§ Working data:
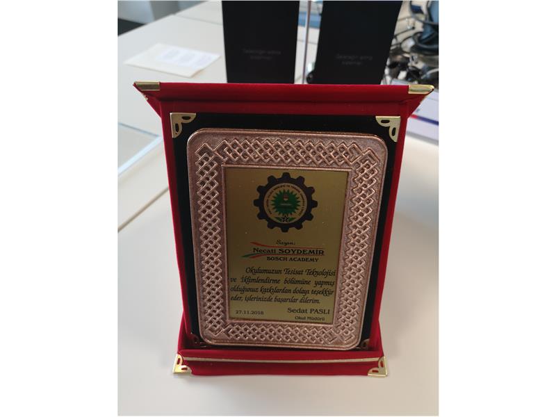 Öğrencilerin gelişimleri ve teknik açıdan iyi bir altyapıya sahip olmaları için çeşitli faaliyetler yapan Bosch Termoteknik Akademi yetkililerine, İnegöl Hacı Sevim Yıldız-2 Mesleki ve Teknik Anadolu Lisesi müdürü tarafından plaket verildi.
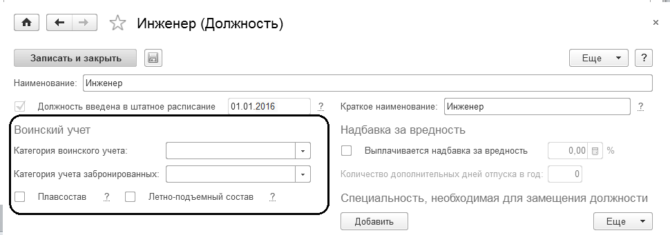 Наименование и краткое наименование должности используются в кадровых документах. Все прочие настройки будут целиком зависеть от наличия тех или иных настроек программы.
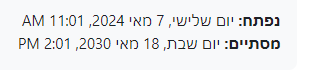 - ניתן לבחור שעה ואף להחליף את התאריך.
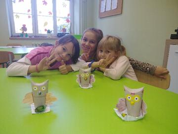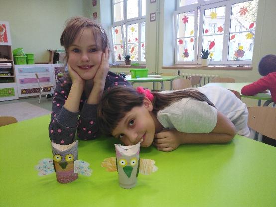 Nasi uczniowie przekonali się na zajęciach świetlicowych, że z nikomu niepotrzebnych rolek po papierze toaletowym można wyczarować wesołe i kolorowe sowy.
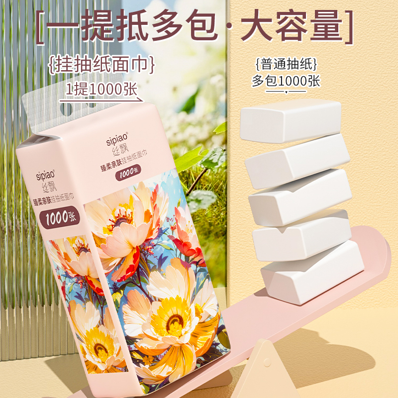 商品名称:丝飘大尺寸悬挂式抽纸家用实惠装餐巾纸面巾纸加量装擦手纸卫生纸
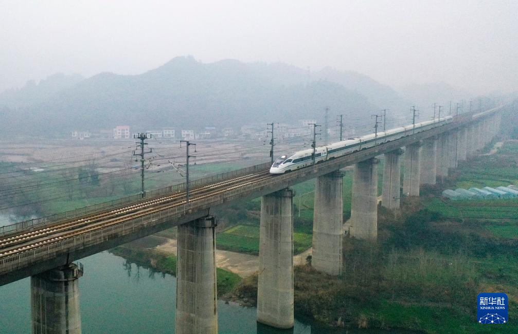 1月9日,一列动车组在贵阳市开阳县顶方村境内行驶(无人机照片)。新华社发(袁福洪 摄)
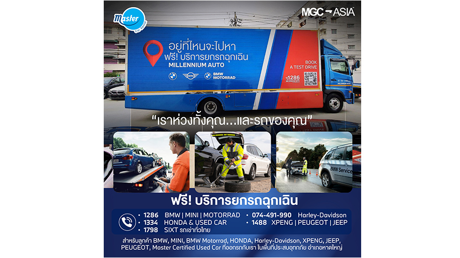 บริการรถยกฉุกเฉิน ‘ฟรี’ สำหรับลูกค้าเจ้าของรถยนต์ BMW, MINI, HONDA, XPENG, PEUGEOT, JEEP, BMW Motorrad และ Harley-Davidson ที่ได้รับผลกระทบจากสถานการณ์น้ำท่วมใหญ่ครั้งนี้ โดยมีทีมงานพร้อมประสานงาน และดำเนินการให้ความช่วยเหลือ เพื่อให้รถยนต์ของท่าน เข้าสู่การตรวจสอบและดูแล ภายในศูนย์บริการอย่างถูกต้องตามมาตรฐาน
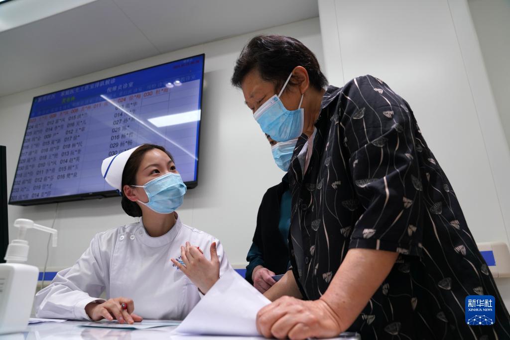 5月16日,在江苏省镇江市润州区黎明社区卫生服务中心家庭医生工作室,护士解答患者问题。
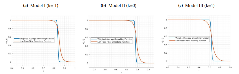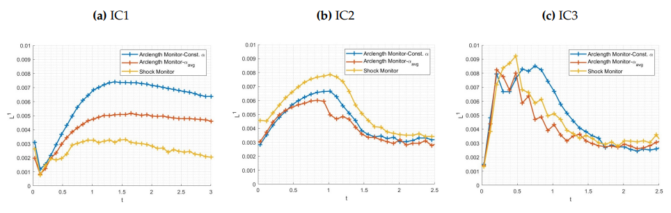 Our study integrates the method described by [7] with various smoothing and monitor functions present in the literature. A set of three monitor functions is selected to be investigated: arc length (28), solution-dependent arc length (29) and shock monitor (30), combined with low-pass (31) or weighted average (32) smoothing functions.

§ Work order: Beginning with the line with "- ניתן לבחור שעה ואף להחליף את התאריך.", repeat the entries above exactly, up to and including the last line, leaving out pictures.

§ Result of this task:
 - ניתן לבחור שעה ואף להחליף את התאריך.
 Nasi uczniowie przekonali się na zajęciach świetlicowych, że z nikomu niepotrzebnych rolek po papierze toaletowym można wyczarować wesołe i kolorowe sowy.
 商品名称:丝飘大尺寸悬挂式抽纸家用实惠装餐巾纸面巾纸加量装擦手纸卫生纸
 1月9日,一列动车组在贵阳市开阳县顶方村境内行驶(无人机照片)。新华社发(袁福洪 摄)
 บริการรถยกฉุกเฉิน ‘ฟรี’ สำหรับลูกค้าเจ้าของรถยนต์ BMW, MINI, HONDA, XPENG, PEUGEOT, JEEP, BMW Motorrad และ Harley-Davidson ที่ได้รับผลกระทบจากสถานการณ์น้ำท่วมใหญ่ครั้งนี้ โดยมีทีมงานพร้อมประสานงาน และดำเนินการให้ความช่วยเหลือ เพื่อให้รถยนต์ของท่าน เข้าสู่การตรวจสอบและดูแล ภายในศูนย์บริการอย่างถูกต้องตามมาตรฐาน
 5月16日,在江苏省镇江市润州区黎明社区卫生服务中心家庭医生工作室,护士解答患者问题。
 Our study integrates the method described by [7] with various smoothing and monitor functions present in the literature. A set of three monitor functions is selected to be investigated: arc length (28), solution-dependent arc length (29) and shock monitor (30), combined with low-pass (31) or weighted average (32) smoothing functions.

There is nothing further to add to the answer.